Grazing incidence X-ray fluorescence based characterization of nanostructures for element sensitive profile reconstruction

TL;DR

This paper demonstrates a high-sensitivity method using grazing incidence X-ray fluorescence and advanced simulations to characterize nanostructures' composition and shape with sub-nanometer precision, addressing computational challenges with Bayesian optimization.

Contribution

It introduces a novel combination of grazing incidence X-ray fluorescence, finite element simulations, and Bayesian optimization for detailed nanostructure characterization.

Findings

Successful reconstruction of element distribution and geometry of Si3N4 nanostructures.

Bayesian optimization significantly reduces computational effort in the reconstruction process.
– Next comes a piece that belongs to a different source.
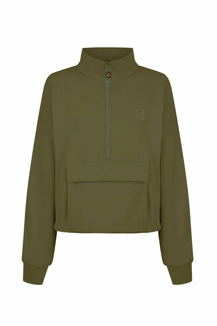 Zip collar sweater with embroidered logo in a soft french terry cotton.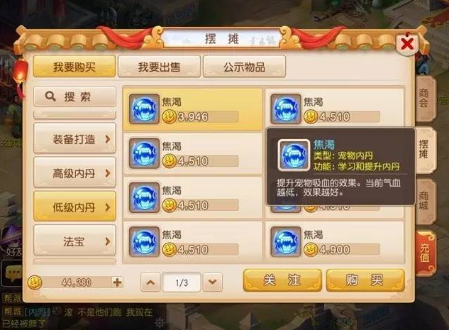 焦渴虽然只是一个低级内丹,但它的效果却十分不错。当你的宝宝拥有吸血/高级吸血技能攻击目标时,所吸取的血量会得到提升,而自身的血量越低效果越好。所以如果你的宝宝拥有吸血/高级吸血技能,可以为其打上一颗焦渴内丹。

Method achieves sub-nanometer resolution in profiling nanostructures.

Abstract

For the reliable fabrication of the current and next generation of nanostructures it is essential to be able to determine their material composition and dimensional parameters. Using the grazing incidence X-ray fluoresence technique, which is taking advantage of the X-ray standing wave field effect, nanostructures can be investigated with a high sensitivity with respect to the structural and elemental composition. This is demonstrated using lamellar gratings made of Si$_3$N$_4$. Rigorous field simulations obtained from a Maxwell solver based on the finite element method allow to determine the spatial distribution of elemental species and the geometrical shape with sub-nm resolution. The increasing complexity of nanostructures and demanded sensitivity for small changes quickly turn the curse of dimensionality for numerical simulation into a problem which can no longer be solved rationally even with massive parallelisation. New optimization schemes, e.g. machine learning, are required to satisfy the metrological requirements. We present reconstruction results obtained with a Bayesian optimization approach to reduce the computational effort.